Collected data section start

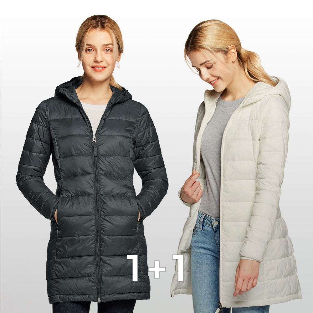 [1+1] 여성 롱 경량패딩 자켓 점퍼 체형커버 패딩
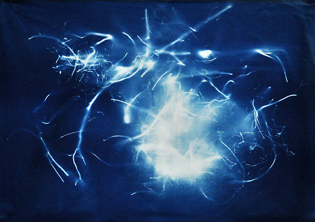 The roots appear in the images partly as clear, precise lines, representing the path of growth and anchoring. Other roots, however, form chaotic, tangled patterns, reflecting the wild, often untamed character of nature. The use of cyanotype with its characteristic blue-and-white tones gives the images a mystical atmosphere that evokes the sky, stars, and lightning—representing the invisible yet omnipresent forces of nature.
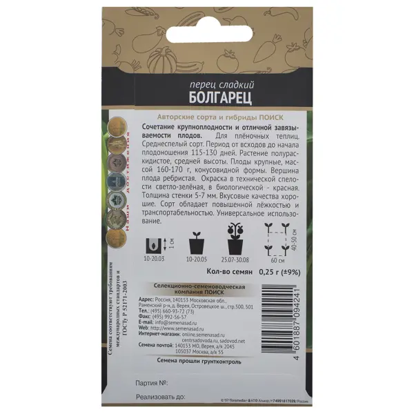 **Семена Перец сладкий «Болгарец»** — среднеранний сорт. Высевается на рассаду в феврале, в грунт пересаживается в конце мая. От первых всходов до начала сбора урожая проходит в среднем 115-130 суток. Отличается средним ростом — не превышает 0,7 м. Листья темно-зеленого цвета, размер — средний. Растение подвергают формовке в виде удаления боковых побегов, а также листочков до первой развилки. ### Особенности: - предназначен для выращивания в теплицах и открытом грунте; - плоды обладают формой конуса, вкус мякоти — сладковатый; - в фазе биологической спелости перец окрашивается в красный цвет; - масса — до 0,18 кг; - использование — в свежем виде, консервации и для заморозки.
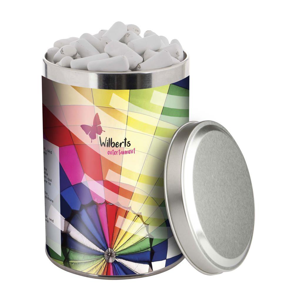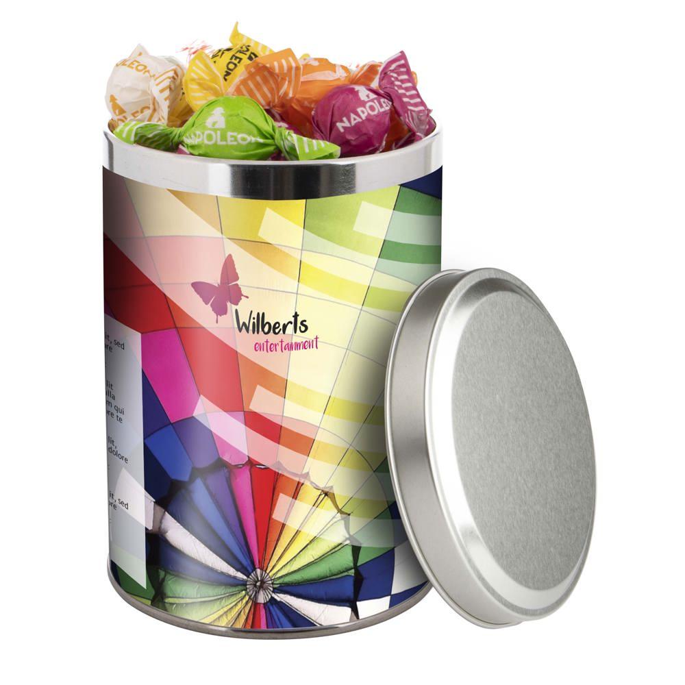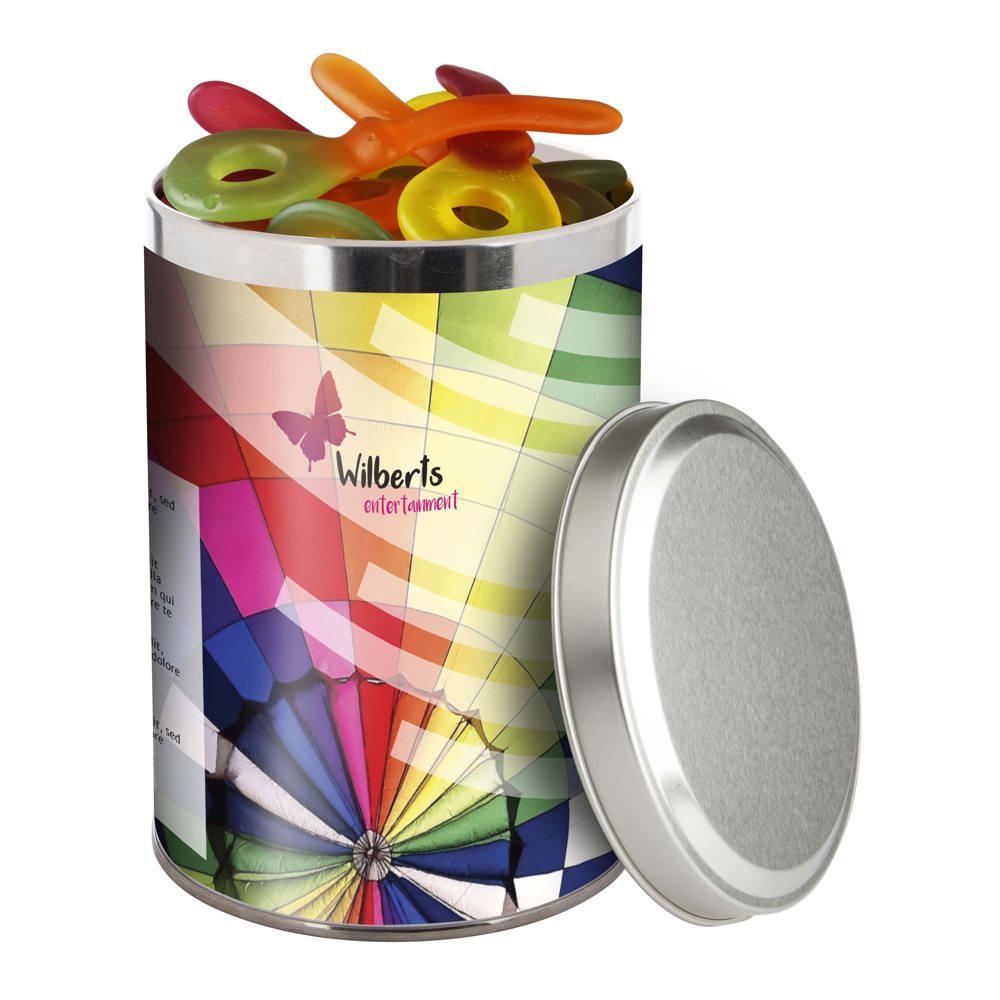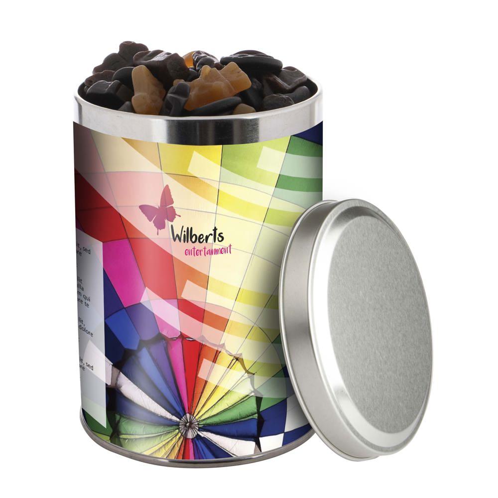 Je ontvangt een groot blik van 1,3 liter met een diameter van 108 mm, gevuld met ongeveer 485 gram smakelijke snoep. De sleeve is full colour bedrukt met jouw logo of ontwerp, zodat je merk opvalt bij elke ontvanger.

Collected data section end

Would you repeat each line of the listing exactly, skipping any picture?

__Solution for this problem__.
 [1+1] 여성 롱 경량패딩 자켓 점퍼 체형커버 패딩
 The roots appear in the images partly as clear, precise lines, representing the path of growth and anchoring. Other roots, however, form chaotic, tangled patterns, reflecting the wild, often untamed character of nature. The use of cyanotype with its characteristic blue-and-white tones gives the images a mystical atmosphere that evokes the sky, stars, and lightning—representing the invisible yet omnipresent forces of nature.
 **Семена Перец сладкий «Болгарец»** — среднеранний сорт. Высевается на рассаду в феврале, в грунт пересаживается в конце мая. От первых всходов до начала сбора урожая проходит в среднем 115-130 суток. Отличается средним ростом — не превышает 0,7 м. Листья темно-зеленого цвета, размер — средний. Растение подвергают формовке в виде удаления боковых побегов, а также листочков до первой развилки. ### Особенности: - предназначен для выращивания в теплицах и открытом грунте; - плоды обладают формой конуса, вкус мякоти — сладковатый; - в фазе биологической спелости перец окрашивается в красный цвет; - масса — до 0,18 кг; - использование — в свежем виде, консервации и для заморозки.
 Je ontvangt een groot blik van 1,3 liter met een diameter van 108 mm, gevuld met ongeveer 485 gram smakelijke snoep. De sleeve is full colour bedrukt met jouw logo of ontwerp, zodat je merk opvalt bij elke ontvanger.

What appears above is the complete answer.